From what Arnaud has told me, any PFA that has a single, fixed-position-number argument remaining
should be optimizable.  (Though that's a task for whenever PFA is next worked on, if it is next
worked on.)

> Neither helps with the performance of higher order functions which are 
> doing more than partial application, like map and filter themselves. I 
> understand there's a high cost to context-switching between C and PHP; 
> presumably if there was an easy solution for that someone would have 
> done it already.

> On 03/04/2025 18:39, Ilija Tovilo wrote: 
>> To me, pipes improve readability when they behave like methods, i.e.
>> they perform some operation on a subject. This resembles Swift's
>> protocol extensions or Rust's trait default implementations, except
>> using a different "method" call operator. 
>> [...]
>> If we decide not to add an iterator API that works well with
>> first-arg, then I agree that this is not the right approach. But if we
>> do, then neither of your examples are problematic. 
>
>
> I guess those two things go together quite well as a mental model: 
> pipes as a way to implement extension methods, and new functions 
> designed for use as extension methods.
>
> I think I'd be more welcoming of it if we actually implemented 
> extension methods instead of pipes, and then the new iterator API was 
> extension-method-only. It feels less like "one of the arguments is 
> missing" if that argument is *always* expressed as the left-hand side 
> of an arrow or some sort.

As I've noted, classic pipes (current RFC, unary function only) and extension functions are not
mutually exclusive, and I see no reason we couldn't add both.  Auto-partialing first-arg pipes
and dedicated extension functions step on each other's toes a bit more, however.

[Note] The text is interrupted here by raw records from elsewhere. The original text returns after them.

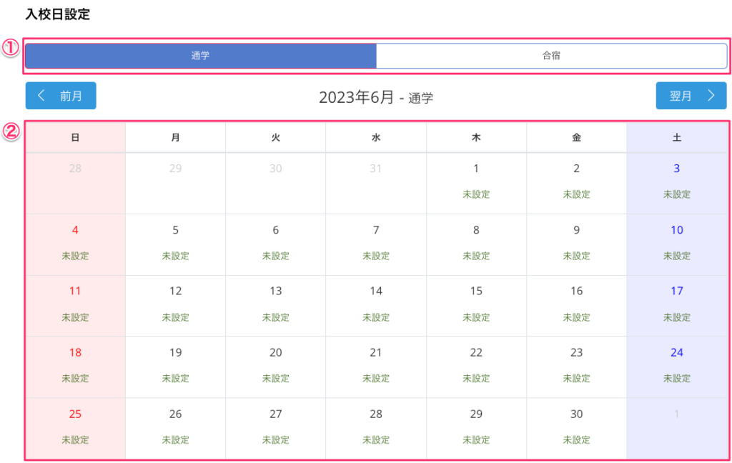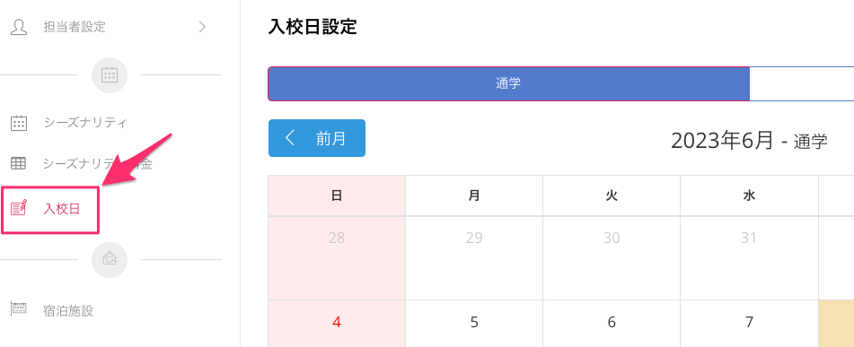 カレンダーから入校可能な受付日の設定を行うためのメニューです。
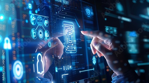 Interactive KYC compliance interface with the user Business professional interacting with a Know Your Customer KYC compliance and security interface on digital screen Identity verifica : Generative AI
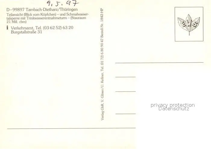 Tambach-Dietharz Panorama Schmalwassertalsperre Trinkwasserentnahmeturm Tambach-Dietharz postalisch nicht gelaufen nach 1965 Erhaltung siehe scans [KathaD81] Kathoren
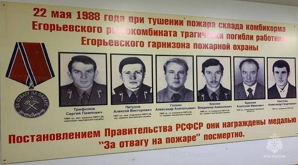 Вечная память героям-огнеборцам 37 лет назад, 22 мая 1988 года, во время страшного пожара на складе комбикорма в Егорьевске трагически погибли шестеро наших товарищей. Они до конца оставались верны своему долгу, спасая жизни других. Родные, коллеги, ветераны и представители пожарных гарнизонов собрались у мемориала, чтобы почтить их память. Цветы, венки и минута молчания — так мы говорим: «Мы помним. Мы гордимся». Анатолий Краснов, Александр Светлов, Сергей Трифонов, Александр Галкин, Алексей Петухов, Владимир Кленин — ваши имена навсегда вписаны в историю МЧС России. @mchs50 @mchs_official
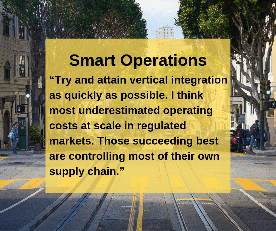 Andrew Kaufman, a cannabis business professional says, “Try and attain vertical integration as quickly as possible. I think most underestimated operating costs at scale in regulated markets. Those succeeding best are controlling most of their own supply chain.”
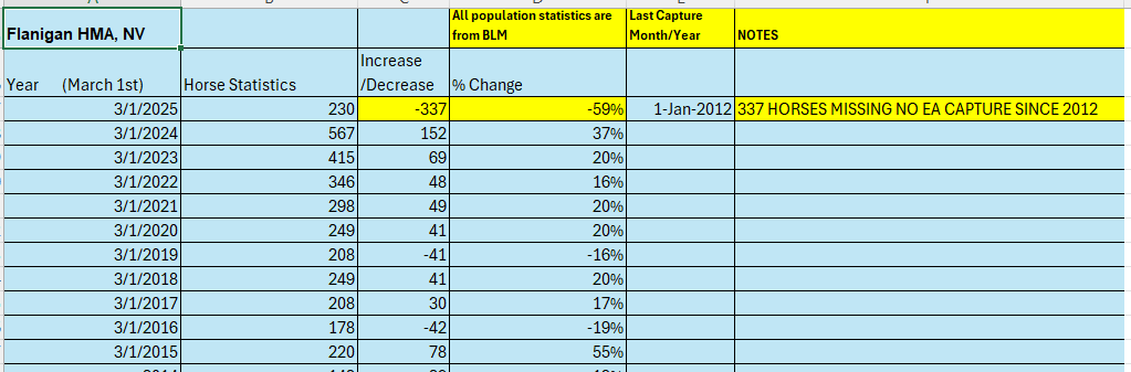 FLANIGAN Herd Management Area (HMA). BLM shows a 59% decrease in ONE year. During that one-year period, BLM reported no legal environmental assessment (EA) for any roundup of horses on this HMA and no legal roundup since annuary 2012. And yet the Flannigan HMA is MISSING 337 of our wild horses this past year without any legally required notice (EA) to the public. These are our horses by congressional law and were SUPPOSED to be under the BLM’s protection.
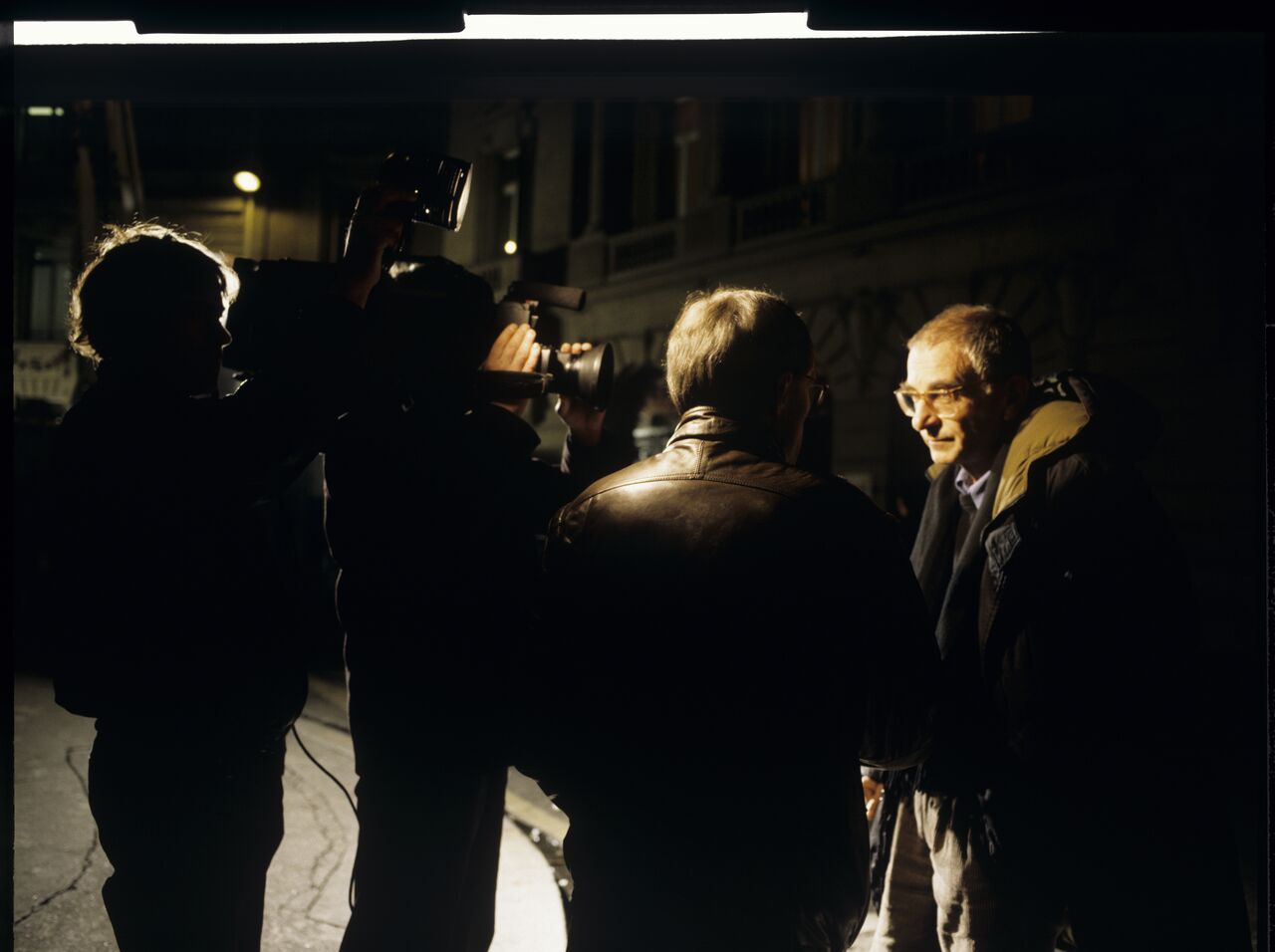 Krzysztof Kieślowski (director) surrounded by the crew on the shooting set.

To address both this and Ilija's email, I was toying with extension functions as a concept a
while back.  I also did extensive research into "collections" in other languages last year
with Derick.  (See discussion in a previous PHP Foundation report[1]).  That led me to a number of
conclusions that I still hold to:

* A new iterable API is absolutely a good thing and we should do it.
* That said, we *need* to split Sequence, Set, and Dictionary into separate types.  We are the only
language I reviewed that didn't have them as separate constructs with their own APIs.
* The use of the same construct (arrays and iterables) for all three types is a fundamental and core
flaw in PHP's design that we should not double-down on.  It's ergonomically awful,
it's bad for performance, and it invites major security holes.  (The "Drupageddon"
remote exploit was caused by using an array and assuming it was sequential when it was actually a
map.)

So while I want a new iterable API, the more I think on it, the more I think a bunch of map(iterable
$it, callable $fn) style functions would not be the right way to do it.  That would be easy, but
also ineffective.

The behavior of even basic operations like map and filter are subtly different depending on which
type you're dealing with.  Whether the input is lazy or not is the least of the concerns.  The
bigger issue is when to pass keys to the $fn; probably always in Dict, probably never in Seq, and
certainly never in Set (as there are no meaningful keys).  Similarly, when filtering a Dict, you
would want keys preserved.  When filtering a Seq, you'd want the indexes re-zeroed.  (Or to
seem like it, given or take implementation details.)  And then, yes, there's the laziness
question.

So we'd effectively want three different versions of map(), filter(), etc. if we didn't
want to perpetuate and further entrench the design flaw and security hole that is "sequences
and hashes are the same thing if you squint."  And... frankly I'd probably vote against an
interable/collections API that didn't address that issue.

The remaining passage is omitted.